On September 10, 2015, Smith signed a one-year deal with the Italian team Basket Barcellona of Serie A2. However, on March 16, 2016, Smith parted ways with Barcellona to join Recanati for the rest of the season. In 23 games played during the 2015–16 season, Smith led the Serie A2 in steals (1.4 per game) and also averaged 16.4 points, 6.3 rebounds and 2.5 assists per game.

===Körmend (2016–2017)===
On August 12, 2016, Smith signed a one-year deal with the Hungarian team EGIS Körmend. On March 26, 2016, Smith recorded a career-high 27 points, shooting 8-of-9 from the field, along with two rebounds, four assists and three steals in a 103–82 win over Szolnoki Olaj. Smith helped Körmend to reach the 2017 Hungarian League Semifinals, as well as the 2017 FIBA Europe Cup Round of 16, where they eventually lost to Élan Chalon. In 53 game played during the 2016–17 season, Smith averaged 14.3 points, 6.5 rebounds, 3.4 assists and 1.4 steals per game.

===Kymis (2017–2018)===
On August 27, 2017, Smith signed with the Greek team Kymis for the 2017–18 season. Smith helped Kymis to reach the 2018 Greek League Playoffs, where they eventually lost to Olympiacos. In 27 games played during the 2017–18 season, Smith averaged 12 points, 6.1 rebounds, 2.5 assists and 1.2 steals per game.

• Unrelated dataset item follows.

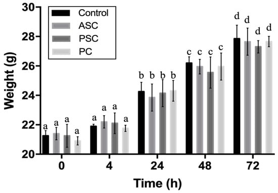 The acute systemic toxicity assay was usually selected to measure the adverse effect of biomedical materials that result either from a single exposure or from multiple exposures in a short period of time. It is an important indicator of biosafety assessment []. To evaluate the biosafety of aquatic collagen, porcine collagen was designated as a comparison group. As shown in Figure 6, no significant difference in body weight was observed between the experimental groups and the control group at four hours, 24 h, 48 h, and 72 h after the intraperitoneal injection of the collagen leach liquor. Moreover, the weight of the control group and the experimental groups increased significantly over time, and no dead samples appeared. Furthermore, there were no significant differences between the ASC, PSC, and PC groups. The results showed that ASC and PSC collagen sponges were produced by our process without acute systemic toxicity, and there was not a significant difference from the acute toxicity from commercially available porcine collagen products.

===Hapoel Eilat (2018–2019)===
On July 24, 2018, Smith signed a one-year deal with the Israeli team Hapoel Eilat. On October 20, 2018, Smith recorded a season-high 26 points, shooting 9-for-15 from the field, along with five rebounds, eight assists and two steals in a 102–108 overtime loss to Hapoel Holon. In 15 games played for Eilat, Smith averaged 12.3 points, 4.6 rebounds, 5.6 assists and 1.6 steals per game. On February 21, 2019, Smith parted ways with Eilat due to a wrist injury.

===Iraklis (2019)===
On August 13, 2019, Smith returned to Greece for a second stint, signing with Iraklis for the 2019–20 season. In 4 games played for Iraklis, he averaged 8 points and 4.5 rebounds per game.

===Hapoel Tel Aviv (2019–2020)===
On November 2, 2019, Smith parted ways with Iraklis to join Hapoel Tel Aviv for the rest of the season. Three days later, he recorded 25 points in his debut, while shooting 6-of-11 from three-point range, along with five rebounds and seven assists in an 85–68 win over Hapoel Gilboa Galil.

===Hapoel Afula (2020–2021)===
Smith joined Hapoel Afula in 2020 and averaged 16.8 points, 7.6 rebounds, and 4.4 assists per game. He left the team in January 2021.

===Alba Fehérvár (2021–present)===
On December 9, 2021, Smith signed with Alba Fehérvár of the Hungary Nemzeti Bajnokság I/A (NB I/A).